*** Block opens ***

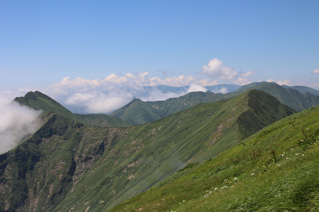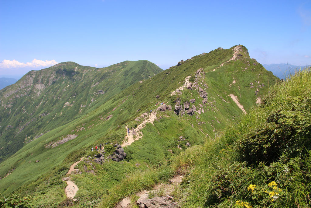 万太郎山、仙之倉山、平標山へと続く尾根。いつか行きたいけど、歩く人は格段に少ないです。
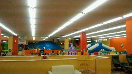 室内はけっこう広々!遊具、ふわふわすべり台、乗れる車のトイ、ゲーム、となんでもあります。晴れの日はもちろん、屋内でこんな施設、雨の日に子供を遊ばせるには特に重宝しますネ!
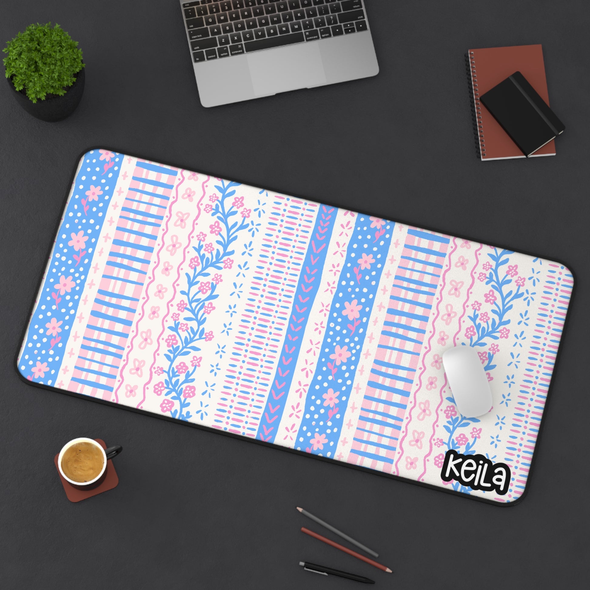 Personalized Coquette Floral & Geometric Desk Mat – Stylish & Functional Workspace Accessory
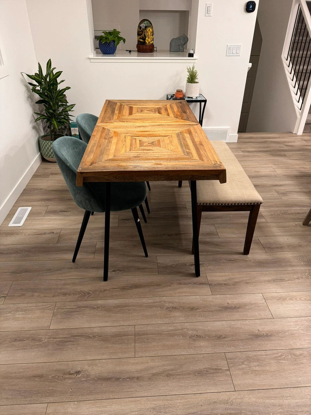 10Dining table with two chairs and a bench. Great condition, well kept. Minor scratches on the table. Prices to sell as a package for $564.00 Pick up/ delivery available, cash only
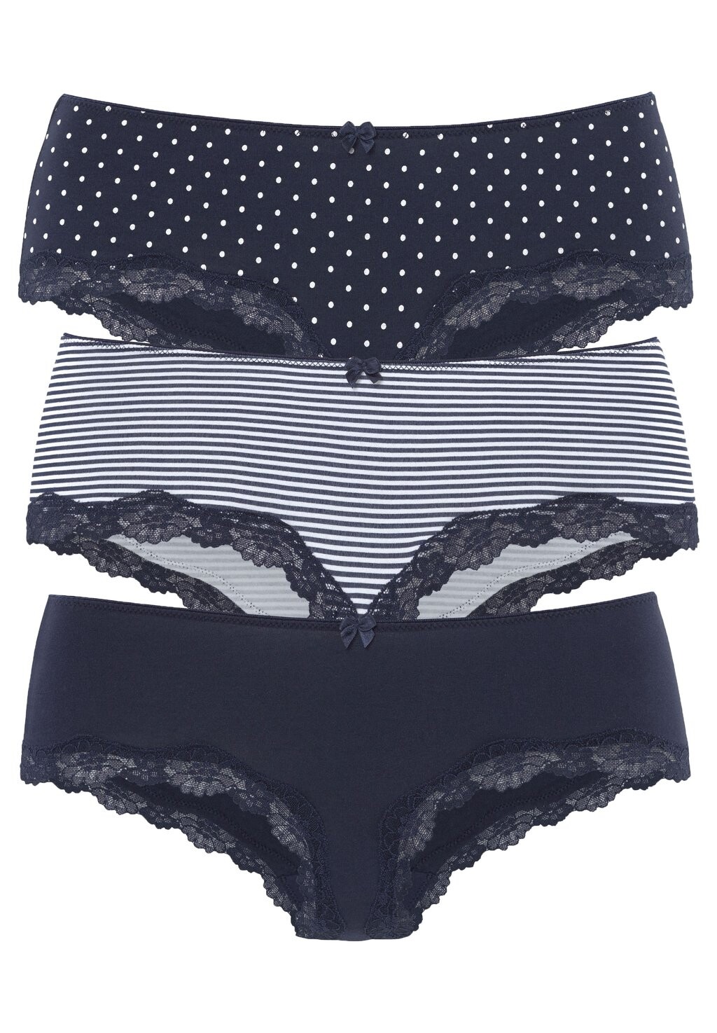 Трусы 3 PACK LASCANA, цвет marine gepunktet gestreift uni

*** Block closes ***

## TASK TO CARRY OUT
Your reply should repeat the entries above exactly, leaving the pictures out.

## OUTPUT OF THE EXERCISE
 万太郎山、仙之倉山、平標山へと続く尾根。いつか行きたいけど、歩く人は格段に少ないです。
 室内はけっこう広々!遊具、ふわふわすべり台、乗れる車のトイ、ゲーム、となんでもあります。晴れの日はもちろん、屋内でこんな施設、雨の日に子供を遊ばせるには特に重宝しますネ!
 Personalized Coquette Floral & Geometric Desk Mat – Stylish & Functional Workspace Accessory
 10Dining table with two chairs and a bench. Great condition, well kept. Minor scratches on the table. Prices to sell as a package for $564.00 Pick up/ delivery available, cash only
 Трусы 3 PACK LASCANA, цвет marine gepunktet gestreift uni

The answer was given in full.